In previous parts of this series I covered one attack that compromises security in NFC/RFID enabled devices. The same techniques can be applied to obtain information from other wired and wireless communication interfaces. In cases like Ethernet, WiFi, ZigBee, and Bluetooth it is even easier to accomplish with standard and low-cost hardware running on readily available security evaluation Linux distributions.
When dealing with communications security it is important to pay special attention to all kinds of vulnerabilities, especially when creating devices for a globally connected IoT world. It is a good strategy to assume that all physically accessible communication interfaces are exposed to Data Interception and Data Corruption/Manipulation attacks. Even the processor memory could get exposed when using the appropriate set of tools. It is mandatory for a secure system to implement at least one additional layer of security on top of the communication interface.
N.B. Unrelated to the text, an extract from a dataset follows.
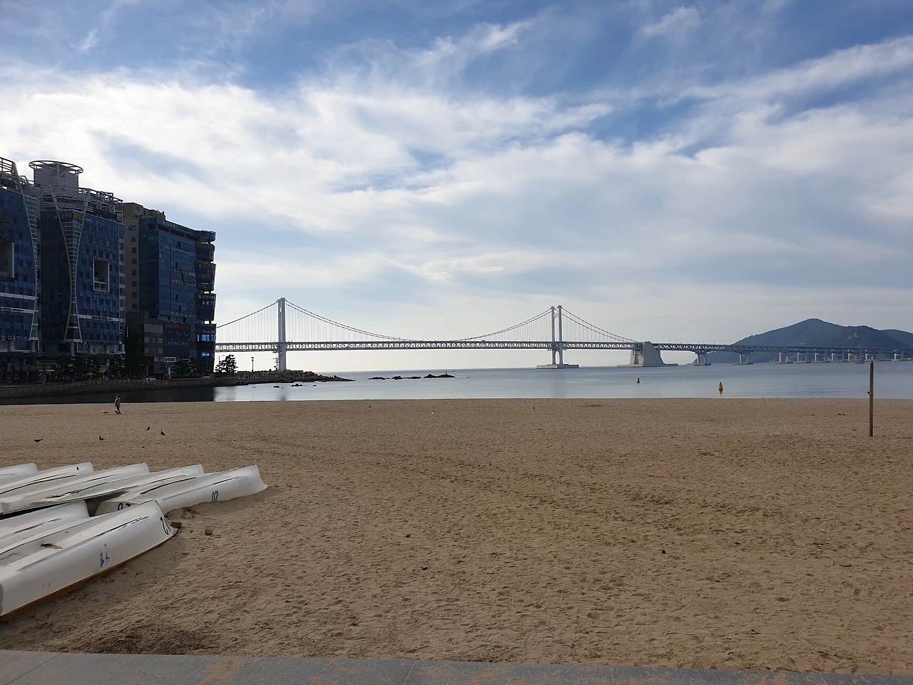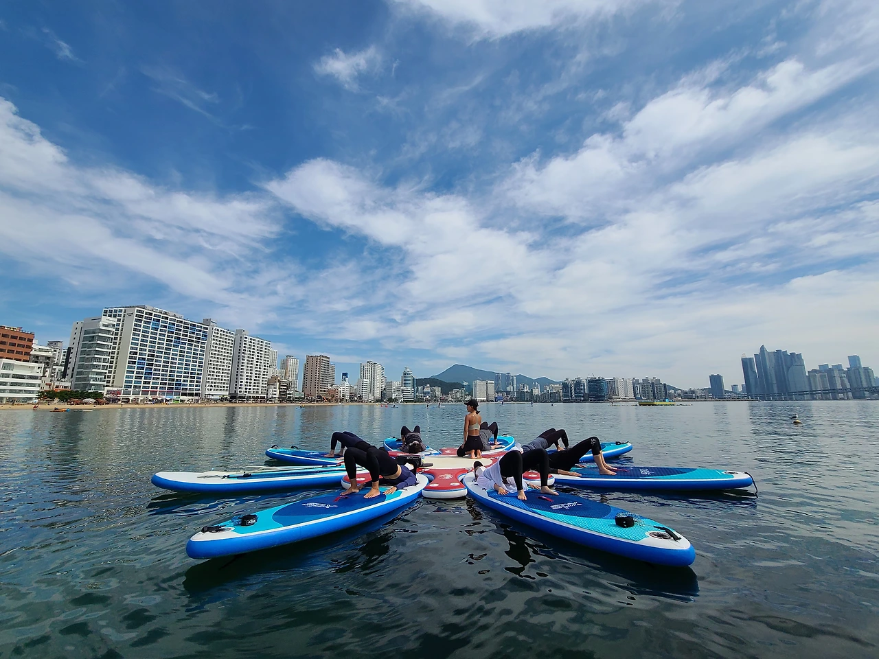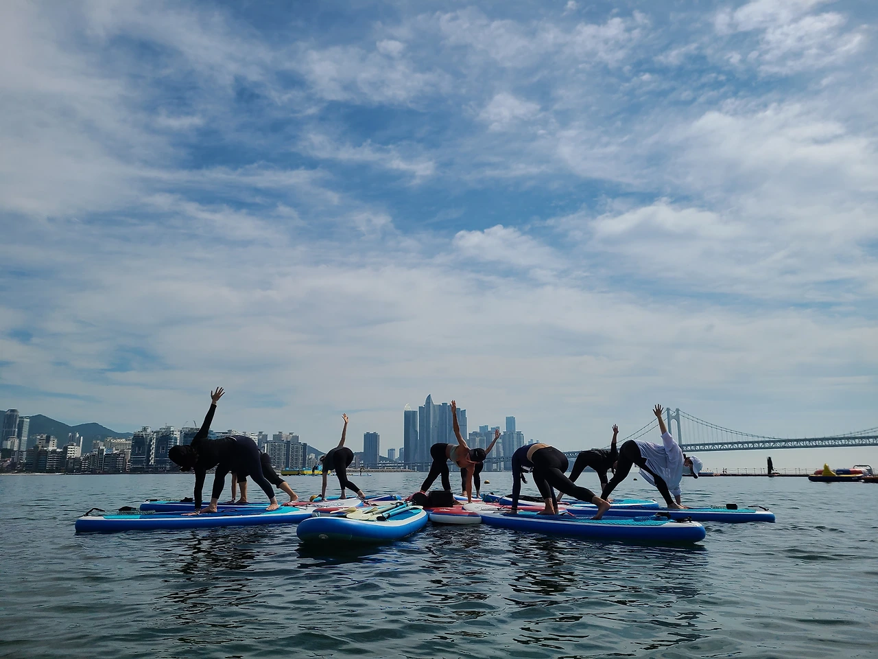 풍덩하고 물에 한번 들어갔다 나오니 바다 짠물에 코가 따갑긴 하지만, 9월임에도 불구하고 아직은 더운 날씨로 마침 땀이 나던 차에 시원했다. 땀에 젖은 몸을 물기로 적시니, 불어오는 바람결에도 그만 시원함이 묻어난다. 광안대교를 풀샷 배경으로 왼쪽 귀엔 파도 소리, 오른쪽 귀엔 요가 선생님이 틀어놓은 음악소리로 가득 채운다. 오랜만에 해보는 요가 동작에 찌뿌둥하던 몸이 제대로 기지개를 켠다. 쨍한 햇빛과 그림 같은 구름, 청량한 하늘빛에, 들이마시는 숨에 소금기 머금은 바다 짠내음이 몸속 깊숙이 들어와 마치 바다와 내가 하나가 된 듯하다가, 내시는 숨에 빠져나가는 썰물의 파도처럼 그동안 쌓인 스트레스가 모두 날아가는 느낌이다.

This particularly holds true for payment applications involving RFID/NFC communications.
For adding robustness against these kinds of security threats it is necessary to accomplish these main goals:
- Ensure the authenticity of the device at the other end of the channel. Multi-pass mutual authentication procedures are used for proving that both devices are in possession of the same secret key. True random generators, secure memory storage, and strong encryption algorithms play key roles in this procedure.
- Exchange sensitive information using encrypted messages. There are several symmetrical and asymmetrical data encryption methods, algorithms, and standards in use today for securing smartcards, RFID, and NFC communications. Some, like AES and RSA, provide very high levels of security. DES and 3DES proved vulnerable to several types of attacks.
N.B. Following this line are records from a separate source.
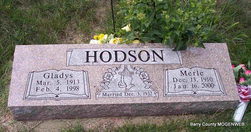 SSW: Vergia - Inscription: "Married July 2, 1907" - Research Note: Son of Alexander Hudson born Cato, MO and Rebecca Jane Doty born Barry Co., MO. Mrs. Clint Blythe of Cassville, MO was the informant on the death certificate. - Cassville Republican, June 1, 1944 - John Hudson who had been critically ill for several weeks was taken to the St. Vincent's Hospital Tuesday of last week, and died there Friday morning, May 26th. He had been treated at a Springfield hospital, prior to being removed to the St. Vincent's hospital. His body was received by the Culver Funeral service here in Cassville and prepared for burial. Mr. Hudson was 55 years old. He had lived most all his life in the Jenkins community. Funeral services were delayed to give some of the children time to get home. It is to be held today, Thursday, at Clio, with the Culver undertakers in charge. - Another Stone | Death Certificate Online Obit Phyllis Long Photos Diana Cope |
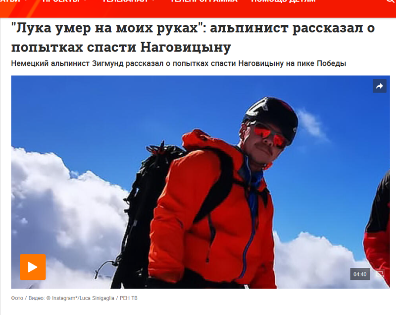 Увы, на обратном пути Лука погиб - итальянец скончался на руках у немецкого коллеги. У скалолаза развился отёк мозга. Гюнтер не сомневается, что Наговициной тоже нет в живых. Альпинист слишком хорошо знает, как суровы горы.
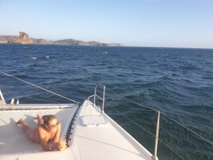 In Bocas del Toro wird am „Freaky Friday“ ordentlich gefeiert und hier in San Juan haben wir den „Sunday Funday“ knapp verpasst, dafür machten wir uns am Dienstag auf, zu unsererem ganz persönlichen „Tuesday Cruiseday“ auf einem Katamaran. Wir hatten mal wieder richtig Glück: Während das andere Boot, das zeitgleich ablegte, mit 35 Leuten gerammelt voll war, waren wir auf unserem Segelboot lediglich zu siebt plus drei Crewmitglieder. Der Kapitän steuerte das Boot, der 2. Kapitän kümmerte sich um das Segel und Amanda versorgte uns mit Mai Tais (jaja, schon wieder Cocktails, wir merken es selber 😉 ). Wir lagen vorne über dem Wasser auf einem Netz und genossen die Sonne, das Meer und den Wind, ein Delfin tauchte auch noch neben dem Boot auf – perfekt!
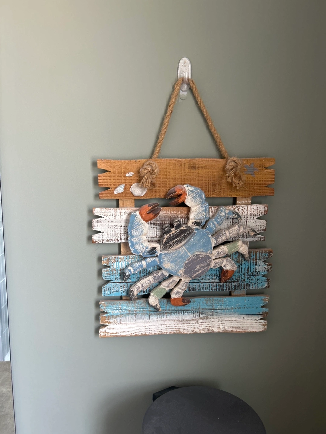 Cute crab wall decor. It's made of wood and has a rustic, beachy vibe. Perfect for adding a touch of coastal charm to your home!
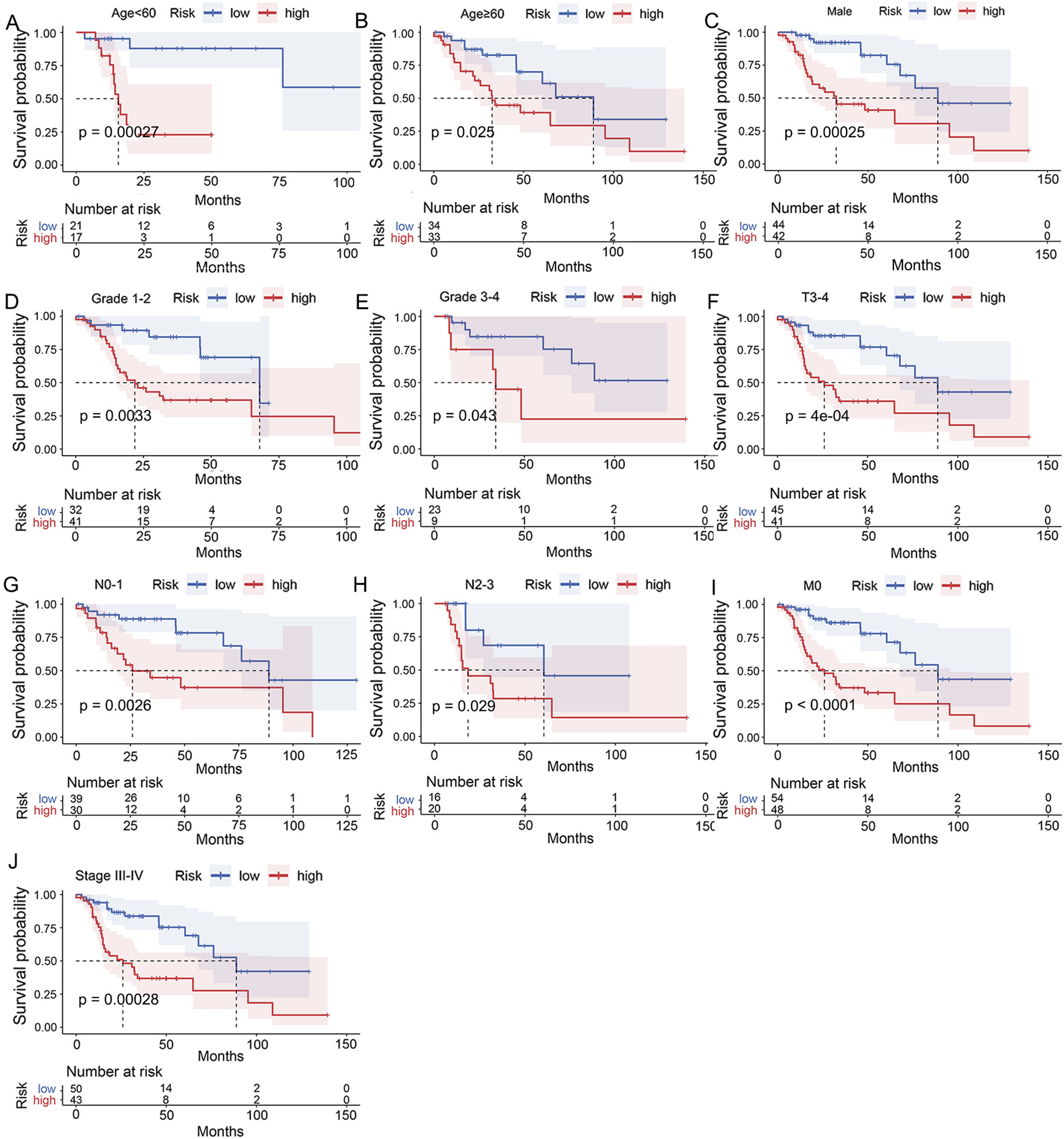 Assessment of the clinical applicability of the UbRGs-based signature. Significant dif-ferences in OS were exhibited between the high- and low-risk groups in conditions of (A) age<60, (B) age≥60, (C) male, (D) Grade 1-2, (E) Grade 3-4, (F) T3-4 stage, (G) N0-1 stage, (H) N2-3 stage, (I) M0 stage and (J) clinical stage III-IV by stratified Kaplan-Meier analysis.

- Check the authenticity and integrity of exchanged messages. Man in the middle (MITM) attacks focus on intercepting and modifying the exchanged messages. Using an encrypted messages scheme does not fully protect the system against these kinds of attacks. Exchanged messages can still be altered, stored, and replayed by an attacker. It is necessary to implement additional checks to detect it and act accordingly. Messages signing, cyclic redundancy codes (CRC), messages indexing, and variable channel encryption keys can improve security against MITM attacks.
The following are not as obvious as the above.
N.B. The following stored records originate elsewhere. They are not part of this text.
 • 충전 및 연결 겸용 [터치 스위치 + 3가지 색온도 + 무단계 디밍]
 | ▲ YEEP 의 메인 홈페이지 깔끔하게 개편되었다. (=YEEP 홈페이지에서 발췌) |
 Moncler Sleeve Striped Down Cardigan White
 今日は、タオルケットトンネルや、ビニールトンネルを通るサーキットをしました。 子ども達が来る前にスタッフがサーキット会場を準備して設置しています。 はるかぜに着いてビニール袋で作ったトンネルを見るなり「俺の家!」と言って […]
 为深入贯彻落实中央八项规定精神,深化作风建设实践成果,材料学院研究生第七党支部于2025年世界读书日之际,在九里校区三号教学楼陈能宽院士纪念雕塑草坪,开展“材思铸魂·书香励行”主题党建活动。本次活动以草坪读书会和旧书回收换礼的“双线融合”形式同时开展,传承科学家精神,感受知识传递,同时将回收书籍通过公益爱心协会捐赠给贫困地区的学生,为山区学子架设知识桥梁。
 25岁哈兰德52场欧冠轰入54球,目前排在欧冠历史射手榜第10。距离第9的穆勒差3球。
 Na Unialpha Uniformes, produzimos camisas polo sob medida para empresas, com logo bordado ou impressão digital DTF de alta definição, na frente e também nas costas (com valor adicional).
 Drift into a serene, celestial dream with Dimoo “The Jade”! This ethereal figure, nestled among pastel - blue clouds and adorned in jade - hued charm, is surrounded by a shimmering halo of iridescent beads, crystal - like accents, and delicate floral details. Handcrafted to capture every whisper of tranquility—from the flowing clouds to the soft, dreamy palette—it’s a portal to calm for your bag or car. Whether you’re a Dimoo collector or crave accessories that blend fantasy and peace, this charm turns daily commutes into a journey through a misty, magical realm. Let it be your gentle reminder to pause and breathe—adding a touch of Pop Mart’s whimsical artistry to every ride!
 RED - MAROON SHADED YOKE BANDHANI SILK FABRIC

- Use one-time keys or at least keys valid for only one session, obtained using random number generators and diversified keys.
- Use diversified keys for each device. If an attacker somehow obtains this key it will not compromise the whole system.
- Master keys should never be used globally and should never leave the secure area (e.g., one SAM module or one HSM). The rationale: If an attacker can read the memory by any means he/she could obtain the keys.
- Code defensively, making extensive use of static and dynamic code analyzing tools when writing the firmware code.
- Be humble and consider very seriously that communications security has always been a strategic research area with many talented teams and individuals working on it. Most real hackers and security analysts are highly skilled and, depending on the target system, highly motivated.
- Test your product to comply with the highest applicable standards.
- More things to add to this list? That’s for sure. Give it a try and send us some more.
RFID/NFC interfaces can be used as a proximity wireless communications enabling technology. It is up to the designer to implement the most appropriate security scheme.
For those interested on RFID/smartcards security I would recommend reading about how MIFARE Classic’s security was cracked and the vulnerabilities that made it possible and how the MIFARE DESFire D40 security was compromised using DPA attacks. Reading about the security concepts applied in the design of MIFARE DESFire EV2 and Cirpurse Version 2 provides valuable and interesting information.